Adding your own packages to the postinstaller

# The postinstaller installs packages into the target rootfs.
# To add your own packages, you have two approaches:

# Approach 1: Add to the darksite package sets (recommended)
# This ensures packages are available offline.
# Add RPM packages:
echo "my-custom-package" >> build/darksite/config/package-sets/custom.txt
# Add Debian packages:
echo "my-custom-package" >> build/darksite-debian/config/package-sets/custom.txt
# Then reference them in your postinstaller script.

# Approach 2: Add a custom postinstaller script
# Place it in the live ISO filesystem overlay:
mkdir -p live-build/config/includes.chroot/usr/lib/kldload-installer/lib/
cat > live-build/config/includes.chroot/usr/lib/kldload-installer/lib/99-custom.sh <<'SCRIPT'
#!/bin/bash
# Custom postinstaller — runs in the context of kldload-install-target
# $TARGET is the rootfs mount point (e.g., /mnt/target)

k_custom_postinstall() {
    echo "[custom] Installing additional packages..."

    # Install packages from the darksite into the target
    case "$K_DISTRO" in
        centos|rhel|rocky|fedora)
            dnf --installroot="$TARGET" install -y \
                htop tmux jq ansible-core
            ;;
        debian|ubuntu)
            chroot "$TARGET" apt-get install -y \
                htop tmux jq ansible
            ;;
        arch)
            arch-chroot "$TARGET" pacman -S --noconfirm \
                htop tmux jq ansible
            ;;
    esac

    echo "[custom] Deploying configuration files..."
    # Copy custom configs into the target
    cp -r /root/custom-configs/etc/* "$TARGET/etc/"

    echo "[custom] Enabling custom services..."
    chroot "$TARGET" systemctl enable my-monitoring-agent.service
}
SCRIPT
chmod +x live-build/config/includes.chroot/usr/lib/kldload-installer/lib/99-custom.sh

Adding custom configuration files

# Everything under includes.chroot/ mirrors into the live ISO root filesystem.
# Place files where they should appear on the live ISO:

# Custom monitoring agent config
mkdir -p live-build/config/includes.chroot/root/custom-configs/etc/monitoring/
cat > live-build/config/includes.chroot/root/custom-configs/etc/monitoring/agent.conf <<'EOF'
[agent]
server = monitoring.internal.example.com
port = 8443
tls_cert = /etc/pki/tls/certs/monitoring.pem
interval = 30
EOF

# Custom systemd unit
mkdir -p live-build/config/includes.chroot/root/custom-configs/etc/systemd/system/
cat > live-build/config/includes.chroot/root/custom-configs/etc/systemd/system/my-monitoring-agent.service <<'EOF'
[Unit]
Description=Custom Monitoring Agent
After=network-online.target
Wants=network-online.target

[Service]
Type=simple
ExecStart=/usr/bin/monitoring-agent -c /etc/monitoring/agent.conf
Restart=always
RestartSec=10

[Install]
WantedBy=multi-user.target
EOF

Profile gating

The core profile is stripped — no k* tools, no web UI, no sanoid, no darksites.
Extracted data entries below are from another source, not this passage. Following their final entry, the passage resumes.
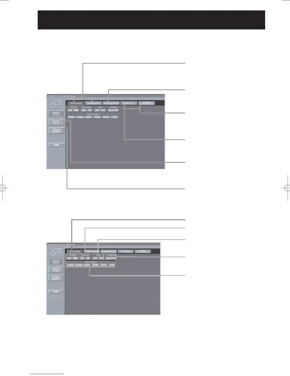 To move from another page, click [Projector control], then [Basic control].
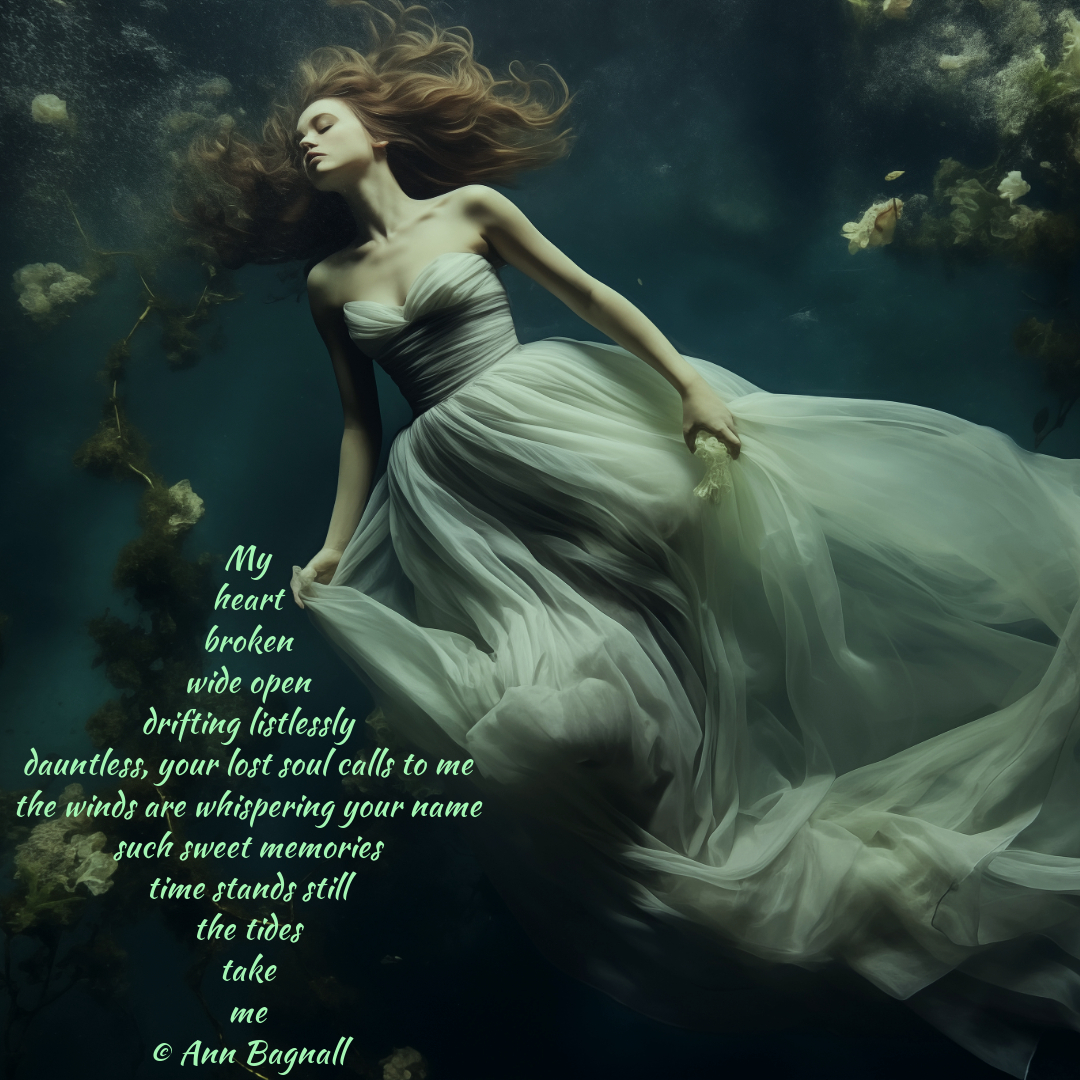 October 19, 2024October 19, 2024 My heart broken wide open drifting listlessly dauntless, your lost soul calls to me the winds are whispering your name such sweet memories time stands still the tides take me © Ann Bagnall Share this: Click to email a link to a friend (Opens in new window) Email Tweet Click to print (Opens in new window) Print Like Loading... Related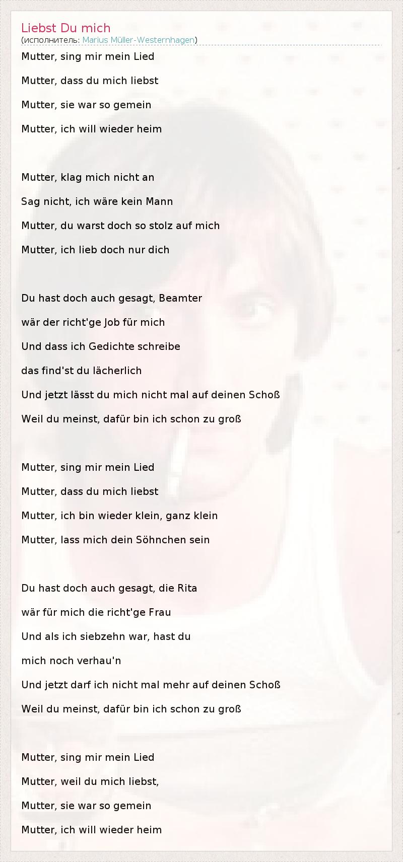 А как ты думаешь, о чем песня "Liebst Du mich" ?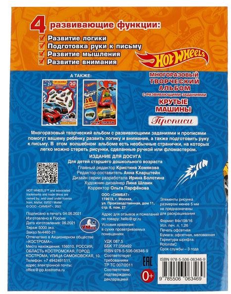 УМка Многоразовая раскраска с прописями «Hot Wheels. Крутые машины»В данный момент этот товар отсутствует в продаже. Возможно, у нас найдется аналогичный или похожий товар здесь. На страницах этой занимательной раскраски юного художника ждут разнообразные картинки с изображением любимых машинок и развивающие задания. Благодаря прописям ребёнок сможет также потренировать руку к письму. В этой волшебной раскраске есть необычные странички, на которых можно легко стереть рисунки, сделанные ручкой или фломастером. |

If your postinstaller should only run on desktop or server profiles, gate it with a profile check:

k_custom_postinstall() {
    if [[ "$K_PROFILE" == "core" ]]; then
        echo "[custom] Skipping custom postinstall for core profile"
        return 0
    fi

    # Only runs for desktop and server profiles
    echo "[custom] Installing monitoring stack..."
    # ...
}

5. Local Package Repositories

Beyond the darksite (which is embedded in the ISO), you may want to maintain a persistent local package repository for ongoing system updates, custom-built RPMs, and internal software distribution. This section covers building and hosting RPM and APT repositories on kldload systems.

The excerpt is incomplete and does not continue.